Ennis Inc. Reports Results for the First Quarter Ended May 31, 2010
Midlothian, Texas-based Ennis Inc. has reported financial results for the first quarter ended May 31, 2010.
For the quarter, consolidated net sales increased by $9.9 million, or 7.6 percent, from $130.8 million for the quarter ended May 31, 2009 to $140.7 million for the quarter ended May 31, 2010. Print sales for the quarter were $67.8 million, compared to $71.7 million for the same quarter last year, or a decrease of 5.4 percent. Apparel sales for the quarter were $73 million, compared to $59.1 million for the same quarter last year, or an increase of 23.5 percent. Overall gross profit margins ("margins") increased from 23.7 percent to 30 percent for the quarters ended May 31, 2009 and May 31, 2010, respectively. Print margins increased from 26.4 percent to 30.3 percent, and Apparel margins increased from 20.4 percent to 29.7 percent, for the quarters ended May 31, 2009 and May 31, 2010, respectively. Net earnings for the quarter increased from $6.6 million, or 5.1 percent of sales, for the quarter ended May 31, 2009 to $13 million, or 9.3 percent of sales, for the quarter ended May 31, 2010. Diluted EPS increased from $0.26 per share to $0.50 per share for the quarters ended May 31, 2009 and May 31, 2010, respectively. The company, during the quarter, generated $23.7 million in EBITDA (earnings before interest, taxes, depreciation and amortization) compared to $14.3 million for the comparable quarter last year.

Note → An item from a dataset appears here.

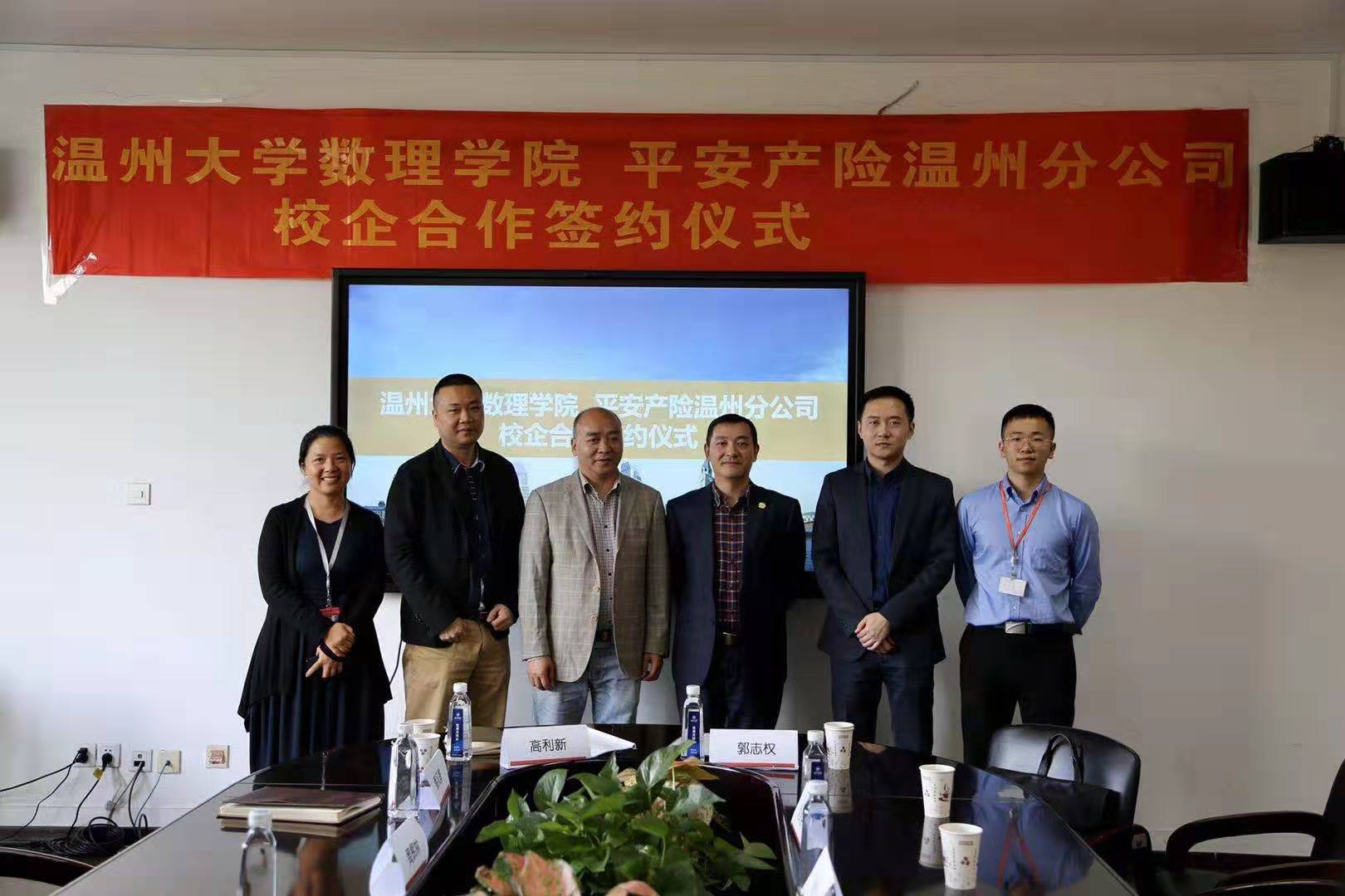 10月29日,平安产险温州分公司与满冠平台数理学院校企战略合作签约仪式在满冠平台数理学院举行。满冠平台数理学院院长高利新,数理学院副院长蔡风景,数理学院副教授黄辉林,平安产险温州分公司副总经理郭志权,人事行政部经理赵泽臣出席本次签约仪式,高利新院长与郭志权副总经理代表校企双方签署了校企战略合作协议。

Keith Walters, chairman, chief executive officer and president, commented by saying, "We are extremely pleased with the operational results this quarter. Operationally, both sectors were able to significantly increase their margins, with print increasing 390 basis points, against paper costs increases, and apparel increasing 930 bps due to continued operational efficiencies and lower cotton pricing. Our apparel sector showed strong sales growth during the quarter as well, without having to make major price concessions. While we saw the benefit of lower cotton costs during the quarter in our apparel sector, we continue to be concerned with current cotton pricing which continues to be extremely high. Also, we recently received notification of additional paper price increases. Our ability to pass these costs increases on to the market continues to be unknown and is dependent upon the continuing economic recovery and the actions of our competitors. The construction of our new apparel manufacturing facility in Agua Prieta, Mexico continues to progress and we continue to expect that production will begin in this facility during the third quarter of our current fiscal year. We continue to look forward to the start-up of this new facility and the potential cost savings, once fully operational. So while much was accomplished during this last quarter, many challenges remain for fiscal year 2011. As always, we will continue to remain vigilant to the task at hand."